Comment 10 Stanislaw Gruszka 2012-12-11 13:42:05 UTC
> 64 bytes from 192.168.192.1: icmp_seq=47 ttl=64 time=0.964 ms
> 64 bytes from 192.168.192.1: icmp_seq=48 ttl=64 time=140 ms
> 64 bytes from 192.168.192.1: icmp_seq=49 ttl=64 time=499 ms
> 64 bytes from 192.168.192.1: icmp_seq=50 ttl=64 time=349 ms
> 64 bytes from 192.168.192.1: icmp_seq=51 ttl=64 time=438 ms
> 64 bytes from 192.168.192.1: icmp_seq=52 ttl=64 time=388 ms
> 64 bytes from 192.168.192.1: icmp_seq=53 ttl=64 time=408 ms
> 64 bytes from 192.168.192.1: icmp_seq=54 ttl=64 time=384 ms
> 64 bytes from 192.168.192.1: icmp_seq=55 ttl=64 time=738 ms
> 64 bytes from 192.168.192.1: icmp_seq=56 ttl=64 time=503 ms
> 64 bytes from 192.168.192.1: icmp_seq=57 ttl=64 time=174 ms

This actually looks more like iwl3945 or mac80211 bug ...

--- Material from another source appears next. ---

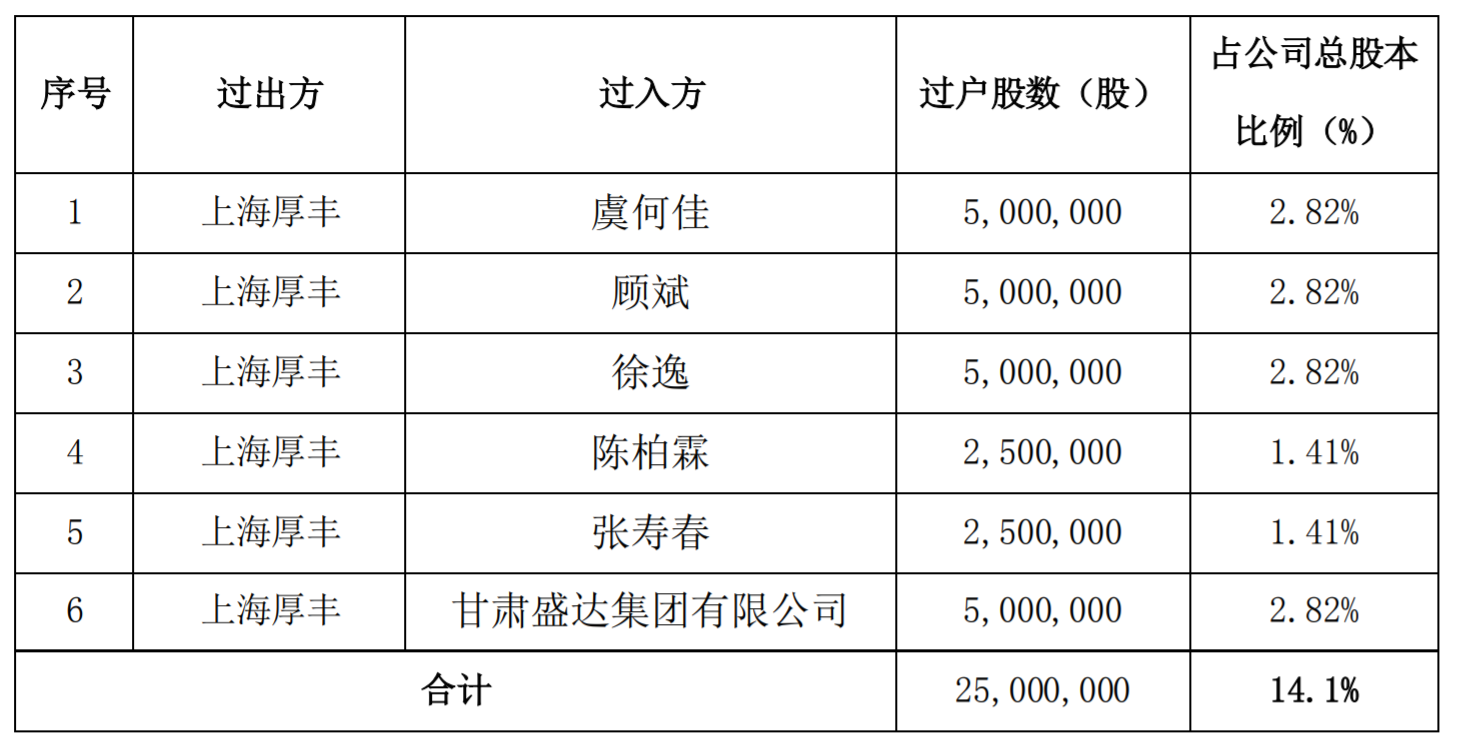 公告显示,皇台酒业于2022年1月4日通过中国证券登记结算有限责任公司深圳分公司结算系统查询,上海厚丰投资有限公司持有的皇台酒业无限售流通A股2500万股股份已完成司法拍卖过户登记手续,占皇台酒业总股本比例为14.1%。

Comment 11 Stanislaw Gruszka 2012-12-17 13:42:33 UTC
Created attachment 664880 [details]
scan_latency_optimalizations_draft.patch

This draft patch include various iwl3945 and mac80211 changes, which optimize network traffic latency while scanning.

Tested with:
while true; do iw dev wlan0 scan; sleep 3; done > /dev/null &
ping -i0.2 -c 1000 192.168.1.1

Unpatched kernel:
--- 192.168.1.1 ping statistics ---
1000 packets transmitted, 991 received, 0% packet loss, time 200988ms
rtt min/avg/max/mdev = 0.618/42.983/241.669/62.745 ms, pipe 2

Patched kernel:
--- 192.168.1.1 ping statistics ---
1000 packets transmitted, 998 received, 0% packet loss, time 200462ms
rtt min/avg/max/mdev = 0.637/3.764/69.229/8.517 ms

Patch has to be reworked (spit into individual changes) and posted upstream. Some of those changes could not be accepted, because they could make scan itself too slow or not detecting all APs. We will see ...

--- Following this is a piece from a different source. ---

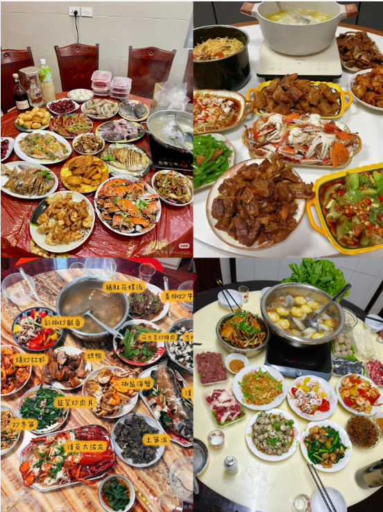桌上必有鸡、鱼、豆腐、韭菜,取吉庆有余、福气长久之意;土楼人家的围炉宴更添世遗韵味,一菜一吉祥,一桌一乡愁。饭后守岁坐寿,彻夜不眠为长辈添福寿,灯火可亲里,是闽南人最珍视的家族温情。

Comment 12 Stanislaw Gruszka 2013-02-01 06:17:21 UTC
(In reply to comment #11)
> Patched kernel:
> --- 192.168.1.1 ping statistics ---
> 1000 packets transmitted, 998 received, 0% packet loss, time 200462ms
> rtt min/avg/max/mdev = 0.637/3.764/69.229/8.517 ms

The final result will be worse than that, on my tests I have:

rtt min/avg/max/mdev = 0.928/19.678/150.845/33.130 ms

This is because on draft patch I removed scanning of 5GHz band, which consist mostly of PASSIVE channels (scan time 125 ms, btw: ACTIVE channel scan time is 60 ms).

On a bit different test, ping from remote machine to periodically scanning machine, final patches show nice improvement:

Unpatched: rtt min/avg/max/mdev = 1.637/120.683/709.139/164.337 ms
Patched:   rtt min/avg/max/mdev = 1.807/26.893/201.435/40.284 ms

Comment 14 Josh Boyer 2013-02-01 14:39:57 UTC
I've applied them to rawhide.

Did you want them in F17/F18?  If so, aacde9ee45225f7e0b90960f479aef83c66bfdc0 is already queued for 3.7.6, so that is easy but 3f892b61a8cf6a85bc389c8d13209d686a4f6403 gets a reject in hunk #4 and probably needs a rework.

Comment 15 Stanislaw Gruszka 2013-02-04 09:40:23 UTC
This is improvement, but not a critical bug fix, so let do not apply them to F17/F18. Closing with RAWHIDE resolution.